Kevin Heller of TechLawAdvisor doesn’t want us coming after him (Feb. 14). Our correspondence with Santa Barbara skin artist Pat Fish regarding tattoo disclaimers amused New York attorney and tattoo-muse Marisa Kakoulas, writing at BM Ezine (“Waivers and Releases for Tattoo and Piercing Studios”, Feb. 27). And Best’s Review, the insurance industry publication, quoted me a while back commenting on the U.S. Supreme Court’s refusal to hear an appeal in a punitive damages case involving State Farm (R.J. Lehmann, “Briefing: Supreme Court puts State Farm case to rest”, Nov. 1, subscriber-only).

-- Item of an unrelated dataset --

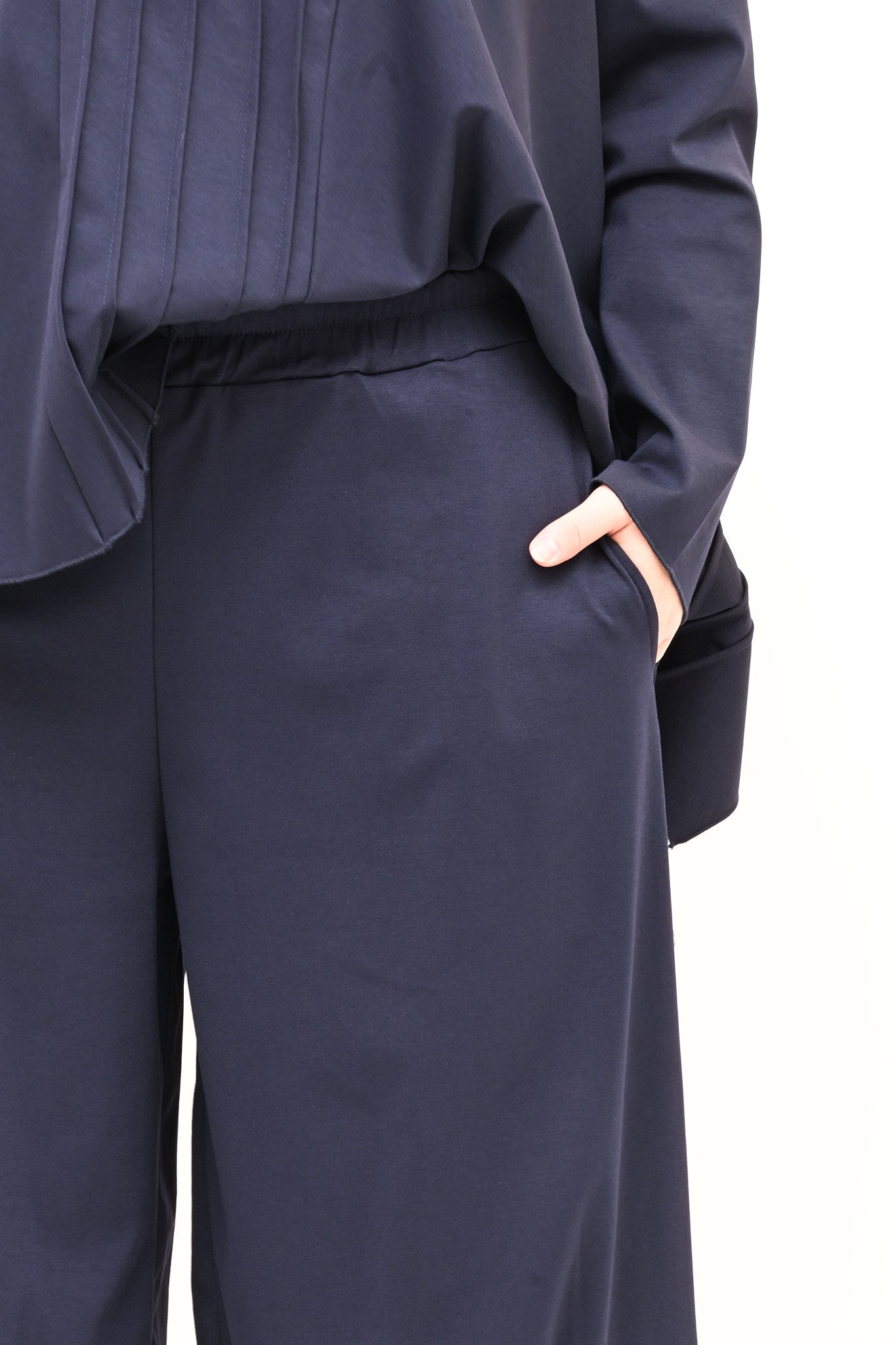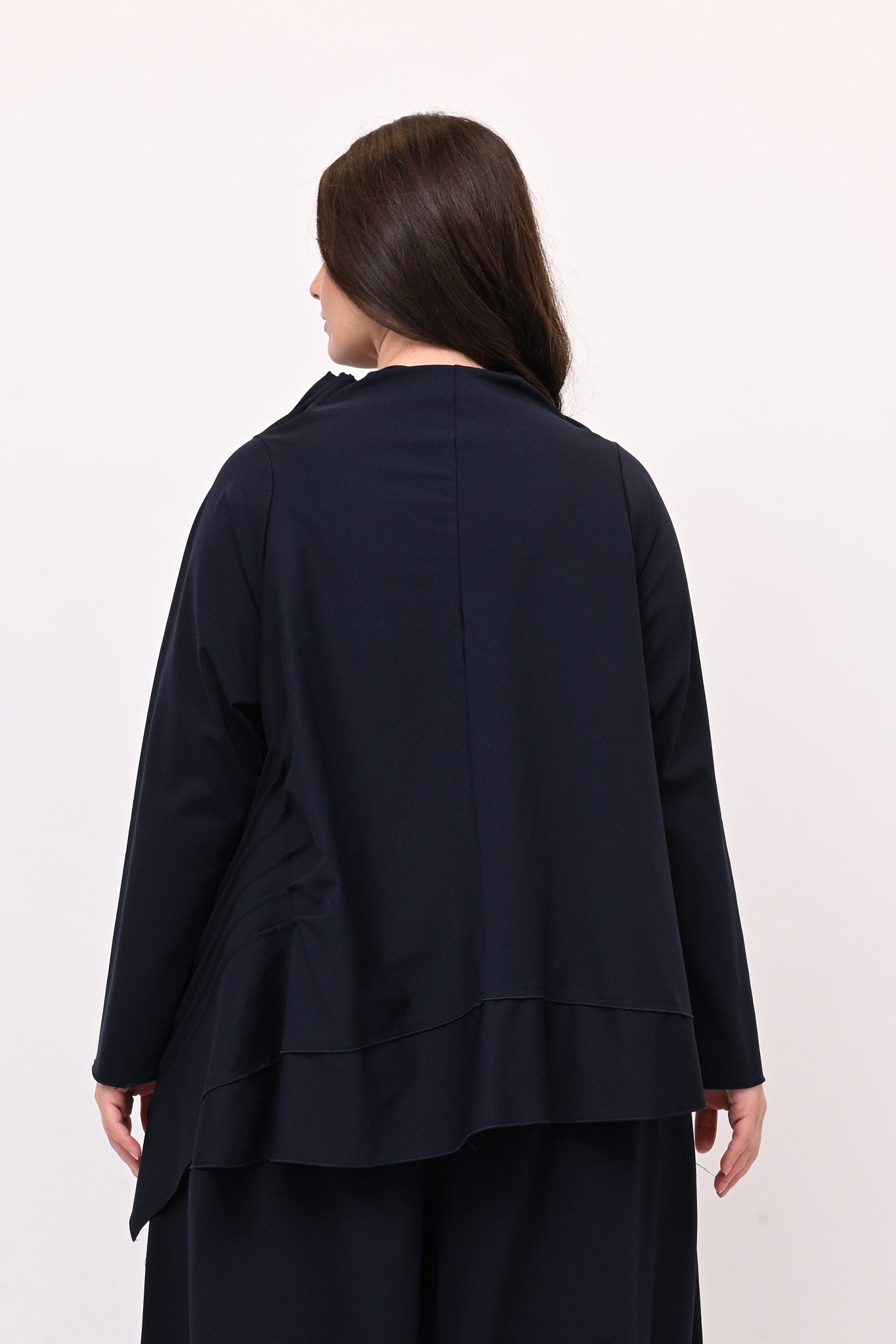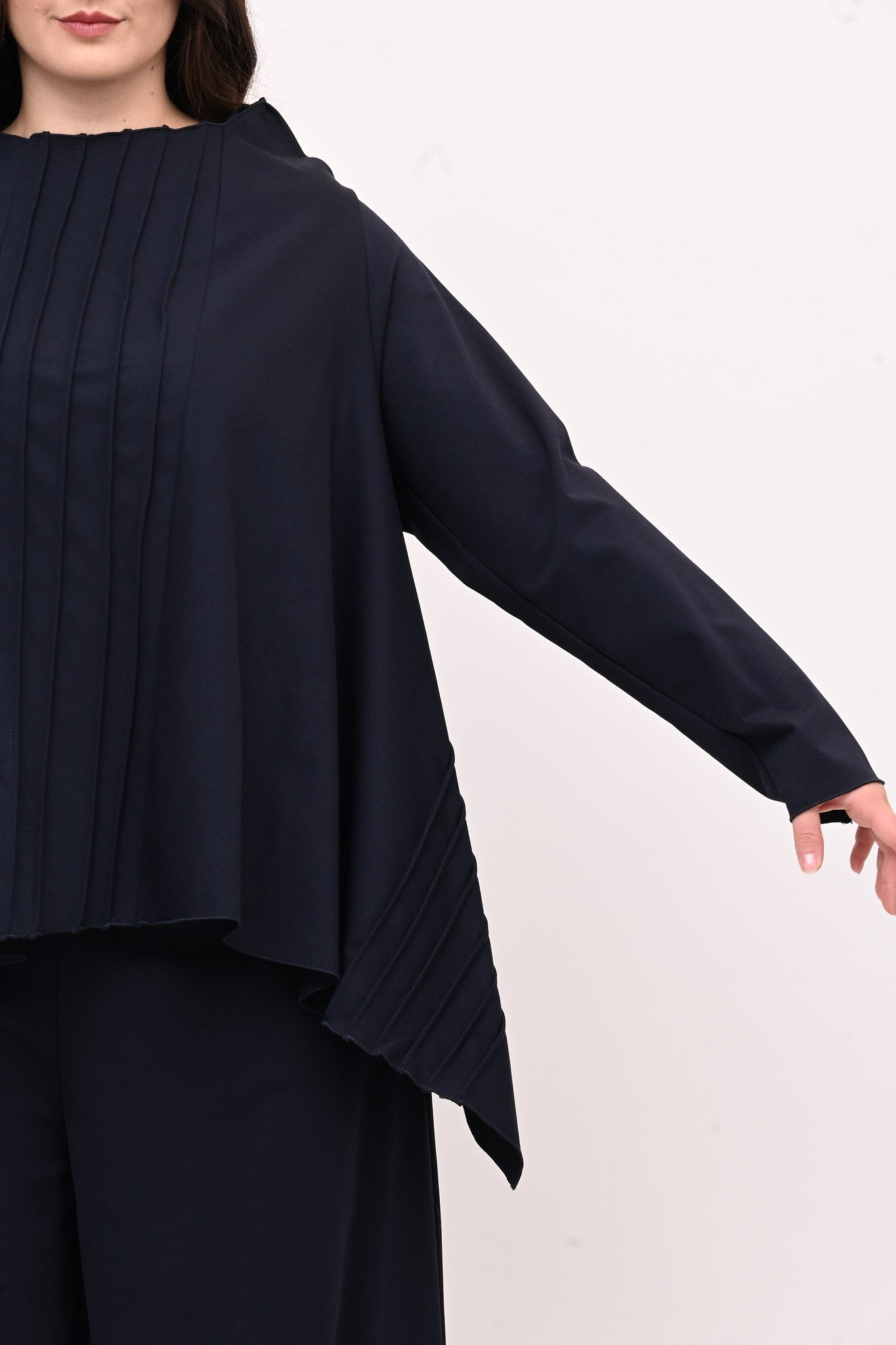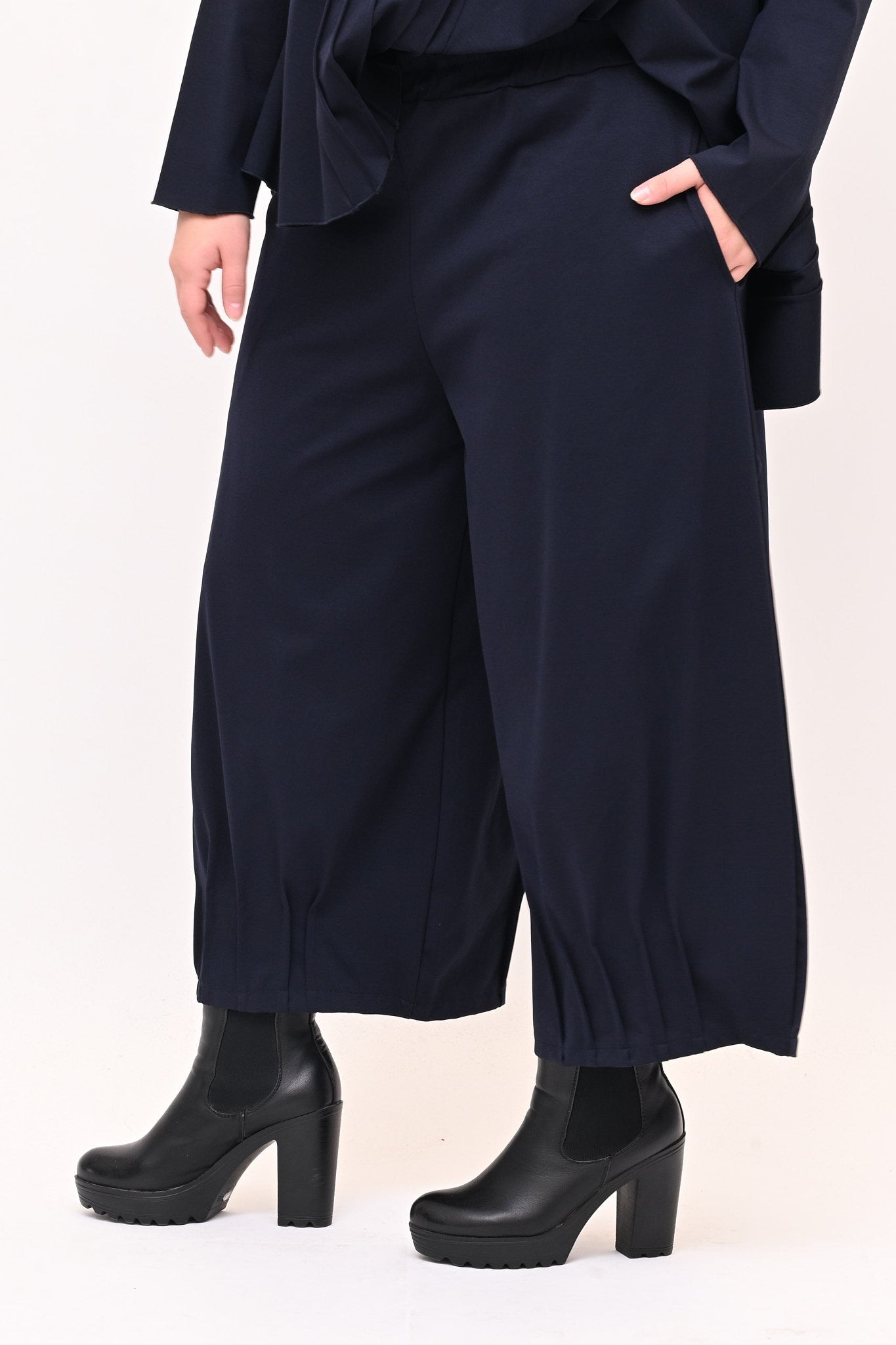 Completo in punto Milano, composto da: blusa manica lunga e pantalone modello Aladino. Il coordinato è caratterizzato da giochi di cuciture che creano pinces, punte e un motivo a vista. Originale e trendy, è ideale per un look casual grazie alla vestibilità ampia e alla gamba larga che si restringe sulla caviglia.

Damages for weather-forecast inaccuracy

Ill-conceived liability proposal #91,204, this time from Russia: “Weather forecasters in our city and the surrounding area will be held responsible for financial losses that the city incurs through their incorrect prognoses,” said Moscow Mayor Yuri Luzhkov. (“Weathermen face fines”, Ananova, Feb. 23; Peter Finn, “Forecasters Feeling Some Official Heat”, Washington Post, Mar. 1)(via Alex Tabarrok).

Arrested Development

In the November 16, 2003, episode of the best sitcom on television, “Arrested Development,” Jason Bateman, playing the protagonist, Michael Bluth, is seen using a defective cooking product manufactured by the family business–and then, as his character is burned by the device, launches into a lengthy tirade of curse-words against the machine, all of which are bleeped. The humor comes from the length of the bleeping (a running gag in the episode) and the reactions of the other characters (as well as the fact that Michael is in the middle of lecturing his son “It’s a poor carpenter that blames his tools for the–” when he burns himself). The Parents Television Council, in an effort to make America safe from humor, decided to guess what that tirade was, produced its own transcript with its imaginary version of the speech, and then promptly complained to the FCC about the “indecent” broadcast. Thankfully, the FCC unanimously denied the complaint, but the government had to pay lawyers to write memos that would help the FCC reach its 20-footnote decision–your tax dollars at work, since there’s no penalty for wasting the government’s time with such complaints. (And a welcome to Defamer and ALOTT5MA readers.)

Michael Jackson trial

The Michael Jackson defense is relying heavily on discrediting his accuser with his previous foray into civil litigation, a lawsuit against J.C. Penney that we covered in 2003. According to The Smoking Gun:

In a broadside on the accuser’s mother, Mesereau described the woman as a shakedown artist who used her sick son as bait, a woman who coached her kids to lie in connection with an assault lawsuit the family once brought against J.C. Penney. Mesereau referred to a newly surfaced witness–who worked as a paralegal for the lawyer representing the family in the Penney case–who claims that the mother fabricated her allegations in that civil case. The paralegal contends that she hesitated to come forward because the mother once told her she had relatives in the Mexican Mafia.

The unnamed paralegal was deposed over the weekend; ABC News is reporting that the mother will deny the allegations. (Damien McElroy, “Mystery Jackson witness emerges”, Telegraph, Feb. 27; Tim Molloy, AP, Feb. 25). Meanwhile, Jesse Jackson is protesting the absence of black jurors on the panel.